= Leonardo Tejada =

Ecuadorian painter

Leonardo Tejada (Latacunga, 1908 - Quito, 2005) was an Ecuadorian painter whose work was known for its Social Realism and Expressionism.

Tejada was born into a family of wood carvers, ad himself used wood in his art. He was a folklore scholar and an initiator of the folk art revival of Ecuador. In 1923 he enrolled in the School of Fine Arts in Quito, from which he graduated in 1930.

He was one of the founders of the House of Ecuadorian Culture.

From a young age he created art that expressed the social reality of his people. He employed watercolor, oil, and wood carving in his art. He is credited largely in the revival of folk art in Ecuador. He held his first exhibition of folk art in the House of Ecuadorian Culture in 1952. He also contributed to the revival of Ecuador's indigenous sculptural art. Since the 1970s he incorporated recyclable materials in his works, including rags, cords, and other materials, seeking more expression from the materials themselves. He also worked as a teacher in various countries, such as Costa Rica and Venezuela.
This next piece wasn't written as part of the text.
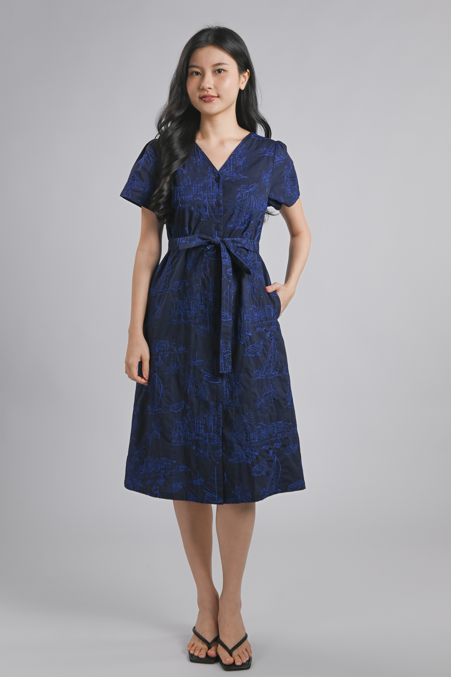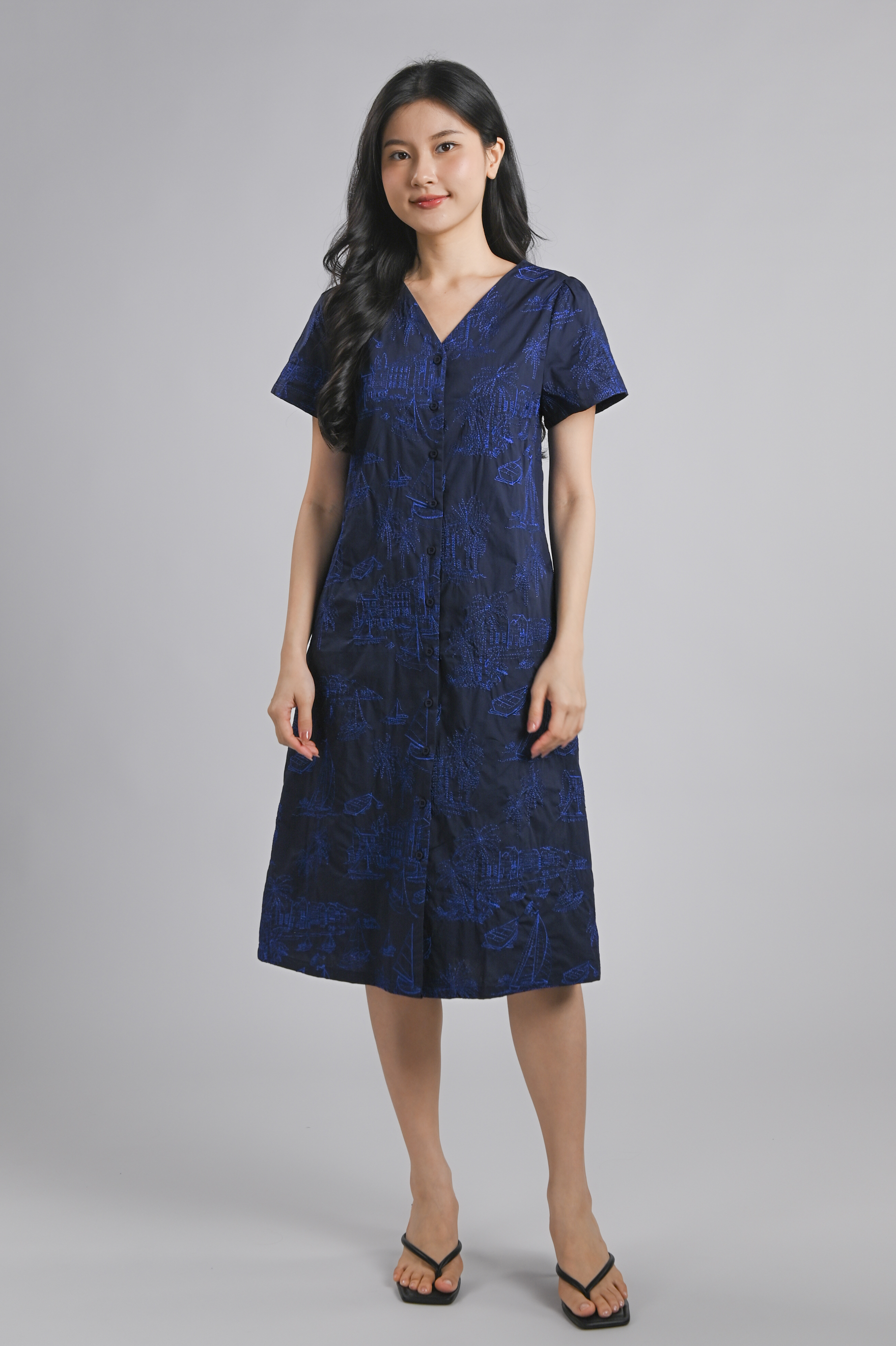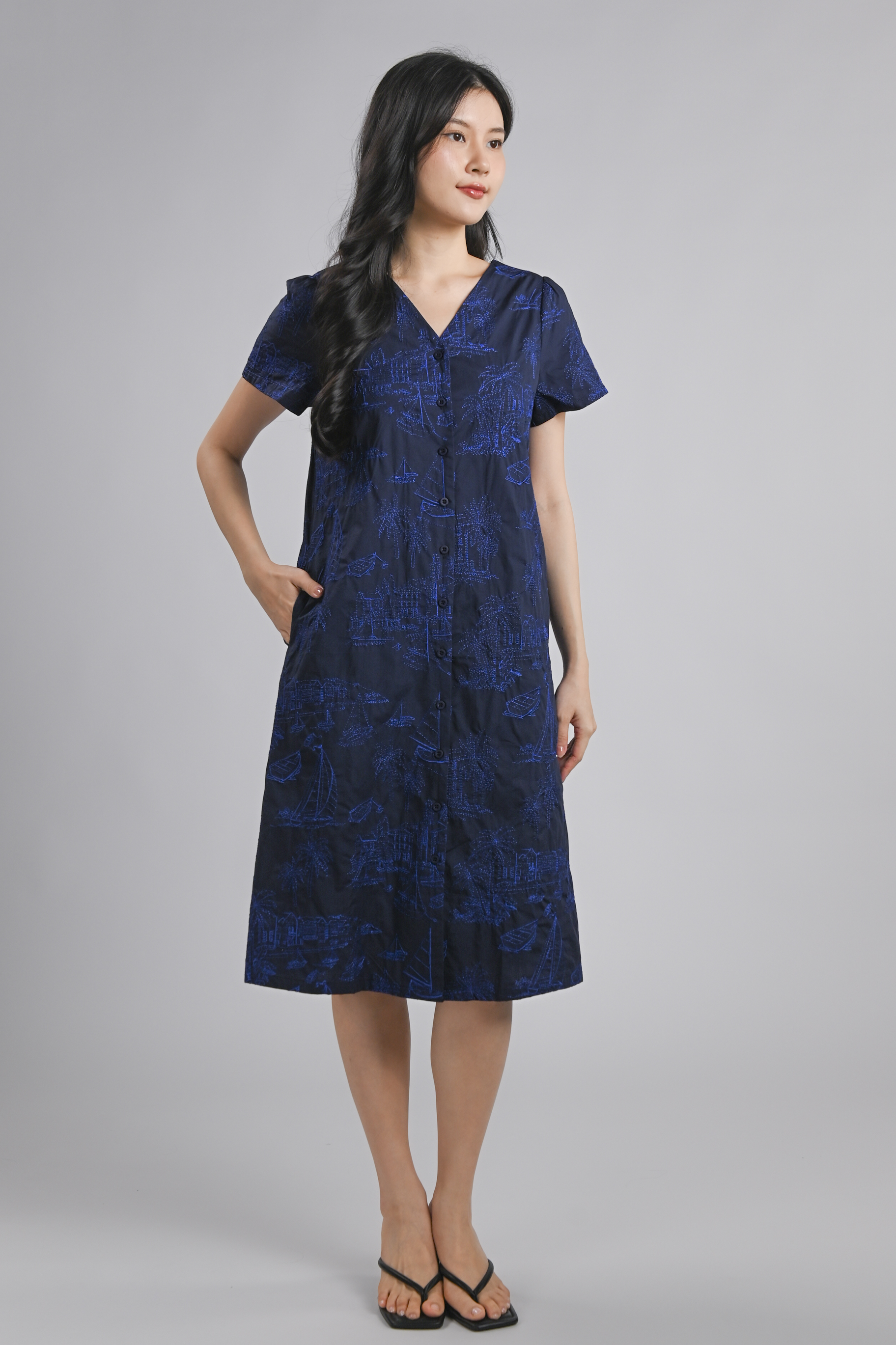 NAVY WATERFRONT VILLAGE SLEEVED BUTTON MIDI DRESS

Even in school Tejada, like most artists, showed a tendency to think outside the box. Not interested in academics, he spent his time painting. His uniqueness lay in his rooting his paintings in the prevalent social situation. It was this closeness and desire to depict social life that gave Tejada's work a sociopolitical dignity. His approach also made him immensely popular in his country. His oil paintings are specially candid and painfully honest, depicting misery and poverty of the people. His contribution to wood engraving in Ecuador is equally important. He is credited with starting a renaissance of sorts in wood engraving. His exhibition of Folk Art, set in 1952 at the House of Ecuadorian Culture is also seen as an important step in reviving folk art in Ecuador.

He died in Quito on January 30, 2005 at 97 years of age.

In 2003 he was awarded Ecuador's national prize Premio Eugenio Espejo in the field of art.